In some implementations, updating the initial value of the mask can
include determining a time-smoothing parameter .alpha. for updating
the initial value as a function of the initial or updated values of
one or more additional masks corresponding to time-frequency bins
along the time axis of the 2D time-frequency representation. For
example, the initial or current mask can be represented as
Hnr.sub.unsmoothed(t, f), the updated time-frequency mask can be
represented as Hnr.sub.smoothed(t, f), and the time smoothing
parameter can be determined, for example, as per equation (5)

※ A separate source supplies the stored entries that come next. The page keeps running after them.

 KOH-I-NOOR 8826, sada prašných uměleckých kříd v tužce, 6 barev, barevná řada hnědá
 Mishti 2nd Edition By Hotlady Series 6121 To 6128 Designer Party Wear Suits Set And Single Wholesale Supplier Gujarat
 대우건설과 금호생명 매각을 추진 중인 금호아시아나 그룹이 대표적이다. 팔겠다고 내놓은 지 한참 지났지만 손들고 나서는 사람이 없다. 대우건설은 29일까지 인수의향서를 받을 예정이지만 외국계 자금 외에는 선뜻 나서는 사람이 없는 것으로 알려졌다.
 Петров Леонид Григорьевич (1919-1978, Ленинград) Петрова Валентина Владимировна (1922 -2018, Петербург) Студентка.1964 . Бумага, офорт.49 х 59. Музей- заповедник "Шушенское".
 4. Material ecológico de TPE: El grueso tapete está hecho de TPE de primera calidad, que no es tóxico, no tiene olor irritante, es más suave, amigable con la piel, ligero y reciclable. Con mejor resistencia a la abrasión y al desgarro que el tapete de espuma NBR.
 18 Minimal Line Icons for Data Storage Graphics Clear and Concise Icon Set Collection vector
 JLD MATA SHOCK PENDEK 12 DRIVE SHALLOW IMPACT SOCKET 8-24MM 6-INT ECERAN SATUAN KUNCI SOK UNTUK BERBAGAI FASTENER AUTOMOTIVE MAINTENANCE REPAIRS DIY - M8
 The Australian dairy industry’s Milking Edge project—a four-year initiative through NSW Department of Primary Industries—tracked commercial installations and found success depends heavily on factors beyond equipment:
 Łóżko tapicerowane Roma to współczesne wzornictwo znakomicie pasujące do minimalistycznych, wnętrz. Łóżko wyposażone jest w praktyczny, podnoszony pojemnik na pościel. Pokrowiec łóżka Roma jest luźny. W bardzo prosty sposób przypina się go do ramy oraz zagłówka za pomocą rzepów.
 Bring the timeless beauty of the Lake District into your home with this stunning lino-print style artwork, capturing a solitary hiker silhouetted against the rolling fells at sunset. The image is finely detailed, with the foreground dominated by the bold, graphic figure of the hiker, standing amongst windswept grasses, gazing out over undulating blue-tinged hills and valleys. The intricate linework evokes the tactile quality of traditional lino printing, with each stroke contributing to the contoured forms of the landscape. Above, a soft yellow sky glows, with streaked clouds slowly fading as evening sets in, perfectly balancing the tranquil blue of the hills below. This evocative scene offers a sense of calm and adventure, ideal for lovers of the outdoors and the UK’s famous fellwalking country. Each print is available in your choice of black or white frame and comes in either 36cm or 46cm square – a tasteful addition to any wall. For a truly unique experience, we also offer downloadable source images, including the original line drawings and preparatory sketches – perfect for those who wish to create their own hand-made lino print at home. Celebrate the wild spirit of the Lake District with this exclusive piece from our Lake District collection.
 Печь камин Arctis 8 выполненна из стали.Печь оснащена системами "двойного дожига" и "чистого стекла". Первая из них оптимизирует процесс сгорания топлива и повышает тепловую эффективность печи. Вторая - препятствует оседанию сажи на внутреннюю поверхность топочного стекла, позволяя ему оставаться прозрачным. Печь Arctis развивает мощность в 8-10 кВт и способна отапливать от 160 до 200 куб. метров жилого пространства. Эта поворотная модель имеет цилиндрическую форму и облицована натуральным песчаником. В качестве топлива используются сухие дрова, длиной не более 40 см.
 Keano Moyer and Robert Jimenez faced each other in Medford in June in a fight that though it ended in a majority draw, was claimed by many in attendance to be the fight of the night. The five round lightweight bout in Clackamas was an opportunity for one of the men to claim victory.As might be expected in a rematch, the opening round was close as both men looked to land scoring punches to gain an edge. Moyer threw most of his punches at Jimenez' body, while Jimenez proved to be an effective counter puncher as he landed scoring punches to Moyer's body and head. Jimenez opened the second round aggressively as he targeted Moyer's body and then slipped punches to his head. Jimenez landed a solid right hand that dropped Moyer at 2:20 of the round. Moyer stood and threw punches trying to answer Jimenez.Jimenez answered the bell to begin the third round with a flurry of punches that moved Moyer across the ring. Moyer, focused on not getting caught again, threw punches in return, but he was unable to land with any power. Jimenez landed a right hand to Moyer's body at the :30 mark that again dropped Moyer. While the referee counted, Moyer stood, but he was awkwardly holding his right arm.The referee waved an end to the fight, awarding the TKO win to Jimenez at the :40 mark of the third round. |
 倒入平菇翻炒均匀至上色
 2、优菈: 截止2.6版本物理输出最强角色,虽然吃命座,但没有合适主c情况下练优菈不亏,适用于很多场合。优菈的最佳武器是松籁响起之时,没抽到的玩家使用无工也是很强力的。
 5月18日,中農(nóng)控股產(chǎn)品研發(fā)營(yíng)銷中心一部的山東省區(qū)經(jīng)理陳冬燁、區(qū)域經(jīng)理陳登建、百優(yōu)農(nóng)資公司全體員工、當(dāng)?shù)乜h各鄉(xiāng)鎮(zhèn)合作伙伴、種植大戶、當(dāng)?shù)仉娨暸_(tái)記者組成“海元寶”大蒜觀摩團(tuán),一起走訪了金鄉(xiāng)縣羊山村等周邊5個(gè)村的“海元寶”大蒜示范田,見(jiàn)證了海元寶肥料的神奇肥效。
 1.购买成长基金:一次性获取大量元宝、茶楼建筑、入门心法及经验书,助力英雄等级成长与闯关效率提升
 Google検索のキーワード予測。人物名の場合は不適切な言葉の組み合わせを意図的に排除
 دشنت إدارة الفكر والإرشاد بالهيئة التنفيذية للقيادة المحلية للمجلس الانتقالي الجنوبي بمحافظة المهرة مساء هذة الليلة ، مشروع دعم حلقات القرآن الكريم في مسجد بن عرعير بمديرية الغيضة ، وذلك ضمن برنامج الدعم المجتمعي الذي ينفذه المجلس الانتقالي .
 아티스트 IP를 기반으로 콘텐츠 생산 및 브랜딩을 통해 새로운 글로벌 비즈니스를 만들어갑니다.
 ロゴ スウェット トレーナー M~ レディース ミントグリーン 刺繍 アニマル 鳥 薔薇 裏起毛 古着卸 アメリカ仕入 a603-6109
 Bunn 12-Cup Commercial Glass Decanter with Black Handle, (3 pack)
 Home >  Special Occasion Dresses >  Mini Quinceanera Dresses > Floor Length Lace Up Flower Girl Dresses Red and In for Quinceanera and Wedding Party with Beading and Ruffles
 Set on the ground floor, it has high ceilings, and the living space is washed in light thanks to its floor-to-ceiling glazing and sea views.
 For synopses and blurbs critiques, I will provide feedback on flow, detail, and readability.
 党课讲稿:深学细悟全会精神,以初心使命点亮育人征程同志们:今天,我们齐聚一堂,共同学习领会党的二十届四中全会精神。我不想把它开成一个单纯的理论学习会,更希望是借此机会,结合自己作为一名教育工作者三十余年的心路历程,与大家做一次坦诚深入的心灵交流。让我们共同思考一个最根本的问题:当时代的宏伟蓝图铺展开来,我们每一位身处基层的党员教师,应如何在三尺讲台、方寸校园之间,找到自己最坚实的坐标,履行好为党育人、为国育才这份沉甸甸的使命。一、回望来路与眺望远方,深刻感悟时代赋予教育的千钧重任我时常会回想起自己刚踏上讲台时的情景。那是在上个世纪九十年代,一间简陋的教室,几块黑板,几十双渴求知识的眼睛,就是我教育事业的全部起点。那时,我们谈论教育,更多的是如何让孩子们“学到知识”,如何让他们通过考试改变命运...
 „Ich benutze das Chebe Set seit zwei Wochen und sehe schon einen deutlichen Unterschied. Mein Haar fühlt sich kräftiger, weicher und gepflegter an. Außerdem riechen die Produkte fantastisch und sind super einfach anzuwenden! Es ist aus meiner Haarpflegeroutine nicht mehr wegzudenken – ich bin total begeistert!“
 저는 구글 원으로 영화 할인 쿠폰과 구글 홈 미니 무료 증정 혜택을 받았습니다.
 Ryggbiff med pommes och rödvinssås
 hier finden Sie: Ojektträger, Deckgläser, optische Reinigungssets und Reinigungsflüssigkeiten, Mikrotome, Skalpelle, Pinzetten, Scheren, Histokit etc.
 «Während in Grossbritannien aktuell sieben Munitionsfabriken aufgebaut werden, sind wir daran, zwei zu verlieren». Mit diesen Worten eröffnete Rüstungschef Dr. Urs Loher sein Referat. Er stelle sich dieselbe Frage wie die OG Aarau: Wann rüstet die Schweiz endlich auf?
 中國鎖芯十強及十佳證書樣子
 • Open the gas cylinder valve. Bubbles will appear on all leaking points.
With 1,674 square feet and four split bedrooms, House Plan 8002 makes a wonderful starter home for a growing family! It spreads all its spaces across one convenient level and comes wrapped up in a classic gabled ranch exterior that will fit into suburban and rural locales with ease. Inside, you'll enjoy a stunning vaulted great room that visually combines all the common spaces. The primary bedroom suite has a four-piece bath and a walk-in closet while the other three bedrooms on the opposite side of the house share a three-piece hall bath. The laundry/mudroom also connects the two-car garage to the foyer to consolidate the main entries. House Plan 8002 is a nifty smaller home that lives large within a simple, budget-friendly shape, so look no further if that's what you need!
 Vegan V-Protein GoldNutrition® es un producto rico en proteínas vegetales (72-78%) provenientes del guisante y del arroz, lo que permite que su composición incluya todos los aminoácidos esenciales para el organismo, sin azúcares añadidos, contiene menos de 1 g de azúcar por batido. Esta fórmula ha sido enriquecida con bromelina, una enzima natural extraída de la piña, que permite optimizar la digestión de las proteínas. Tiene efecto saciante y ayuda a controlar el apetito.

described above. In such cases, the time smoothing parameter
.alpha. can be a function of the initial or updated values of
multiple masks corresponding to different time points. The updated
value of the mask can be generated, for example, as a function of
the time-smoothing parameter as provided by equation (2) above.
In some implementations, updating the initial value of the mask can
include determining a frequency-smoothing parameter for updating
the initial value as a function of the initial or updated values of
one or more additional masks corresponding to time-frequency bins
along the frequency axis of the 2D time-frequency representation.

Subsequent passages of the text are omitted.